Start of Given data

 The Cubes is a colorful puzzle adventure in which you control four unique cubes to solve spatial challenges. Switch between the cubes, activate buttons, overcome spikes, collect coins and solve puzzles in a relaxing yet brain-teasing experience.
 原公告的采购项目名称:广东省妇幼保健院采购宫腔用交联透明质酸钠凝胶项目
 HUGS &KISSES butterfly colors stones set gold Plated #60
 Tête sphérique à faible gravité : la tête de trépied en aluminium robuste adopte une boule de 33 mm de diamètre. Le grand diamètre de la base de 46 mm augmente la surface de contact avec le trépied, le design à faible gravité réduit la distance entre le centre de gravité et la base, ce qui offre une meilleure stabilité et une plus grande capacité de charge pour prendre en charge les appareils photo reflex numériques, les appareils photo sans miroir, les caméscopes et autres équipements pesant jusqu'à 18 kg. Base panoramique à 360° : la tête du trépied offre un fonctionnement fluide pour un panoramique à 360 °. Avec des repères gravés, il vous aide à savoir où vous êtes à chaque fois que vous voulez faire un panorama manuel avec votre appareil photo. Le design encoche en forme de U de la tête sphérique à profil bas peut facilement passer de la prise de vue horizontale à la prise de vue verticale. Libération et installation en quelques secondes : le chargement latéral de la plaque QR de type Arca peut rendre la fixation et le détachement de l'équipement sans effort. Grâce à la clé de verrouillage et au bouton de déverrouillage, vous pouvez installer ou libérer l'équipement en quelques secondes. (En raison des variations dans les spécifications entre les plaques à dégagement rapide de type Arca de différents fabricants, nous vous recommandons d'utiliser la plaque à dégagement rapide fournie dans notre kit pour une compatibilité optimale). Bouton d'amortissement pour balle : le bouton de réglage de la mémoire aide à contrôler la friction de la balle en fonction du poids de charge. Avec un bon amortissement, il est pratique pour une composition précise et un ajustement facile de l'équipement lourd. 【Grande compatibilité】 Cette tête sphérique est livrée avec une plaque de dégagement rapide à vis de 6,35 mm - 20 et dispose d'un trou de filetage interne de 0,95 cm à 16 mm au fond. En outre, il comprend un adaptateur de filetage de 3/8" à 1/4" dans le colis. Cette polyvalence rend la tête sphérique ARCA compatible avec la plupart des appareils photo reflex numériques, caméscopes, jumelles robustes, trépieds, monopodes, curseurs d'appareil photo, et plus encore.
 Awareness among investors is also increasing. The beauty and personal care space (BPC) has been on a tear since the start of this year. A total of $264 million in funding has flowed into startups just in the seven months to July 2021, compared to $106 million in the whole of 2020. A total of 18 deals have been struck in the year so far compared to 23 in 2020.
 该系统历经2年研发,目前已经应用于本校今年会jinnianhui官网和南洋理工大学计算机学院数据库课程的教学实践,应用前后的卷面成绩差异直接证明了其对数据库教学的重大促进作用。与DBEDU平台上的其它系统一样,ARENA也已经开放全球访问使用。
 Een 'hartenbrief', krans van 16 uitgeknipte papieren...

End of Given data

* **Aim of the task**
Reproduce the entries exactly. Every word has to stay the same.

* **Answer space**
 The Cubes is a colorful puzzle adventure in which you control four unique cubes to solve spatial challenges. Switch between the cubes, activate buttons, overcome spikes, collect coins and solve puzzles in a relaxing yet brain-teasing experience.
 原公告的采购项目名称:广东省妇幼保健院采购宫腔用交联透明质酸钠凝胶项目
 HUGS &KISSES butterfly colors stones set gold Plated #60
 Tête sphérique à faible gravité : la tête de trépied en aluminium robuste adopte une boule de 33 mm de diamètre. Le grand diamètre de la base de 46 mm augmente la surface de contact avec le trépied, le design à faible gravité réduit la distance entre le centre de gravité et la base, ce qui offre une meilleure stabilité et une plus grande capacité de charge pour prendre en charge les appareils photo reflex numériques, les appareils photo sans miroir, les caméscopes et autres équipements pesant jusqu'à 18 kg. Base panoramique à 360° : la tête du trépied offre un fonctionnement fluide pour un panoramique à 360 °. Avec des repères gravés, il vous aide à savoir où vous êtes à chaque fois que vous voulez faire un panorama manuel avec votre appareil photo. Le design encoche en forme de U de la tête sphérique à profil bas peut facilement passer de la prise de vue horizontale à la prise de vue verticale. Libération et installation en quelques secondes : le chargement latéral de la plaque QR de type Arca peut rendre la fixation et le détachement de l'équipement sans effort. Grâce à la clé de verrouillage et au bouton de déverrouillage, vous pouvez installer ou libérer l'équipement en quelques secondes. (En raison des variations dans les spécifications entre les plaques à dégagement rapide de type Arca de différents fabricants, nous vous recommandons d'utiliser la plaque à dégagement rapide fournie dans notre kit pour une compatibilité optimale). Bouton d'amortissement pour balle : le bouton de réglage de la mémoire aide à contrôler la friction de la balle en fonction du poids de charge. Avec un bon amortissement, il est pratique pour une composition précise et un ajustement facile de l'équipement lourd. 【Grande compatibilité】 Cette tête sphérique est livrée avec une plaque de dégagement rapide à vis de 6,35 mm - 20 et dispose d'un trou de filetage interne de 0,95 cm à 16 mm au fond. En outre, il comprend un adaptateur de filetage de 3/8" à 1/4" dans le colis. Cette polyvalence rend la tête sphérique ARCA compatible avec la plupart des appareils photo reflex numériques, caméscopes, jumelles robustes, trépieds, monopodes, curseurs d'appareil photo, et plus encore.
 Awareness among investors is also increasing. The beauty and personal care space (BPC) has been on a tear since the start of this year. A total of $264 million in funding has flowed into startups just in the seven months to July 2021, compared to $106 million in the whole of 2020. A total of 18 deals have been struck in the year so far compared to 23 in 2020.
 该系统历经2年研发,目前已经应用于本校今年会jinnianhui官网和南洋理工大学计算机学院数据库课程的教学实践,应用前后的卷面成绩差异直接证明了其对数据库教学的重大促进作用。与DBEDU平台上的其它系统一样,ARENA也已经开放全球访问使用。
 Een 'hartenbrief', krans van 16 uitgeknipte papieren...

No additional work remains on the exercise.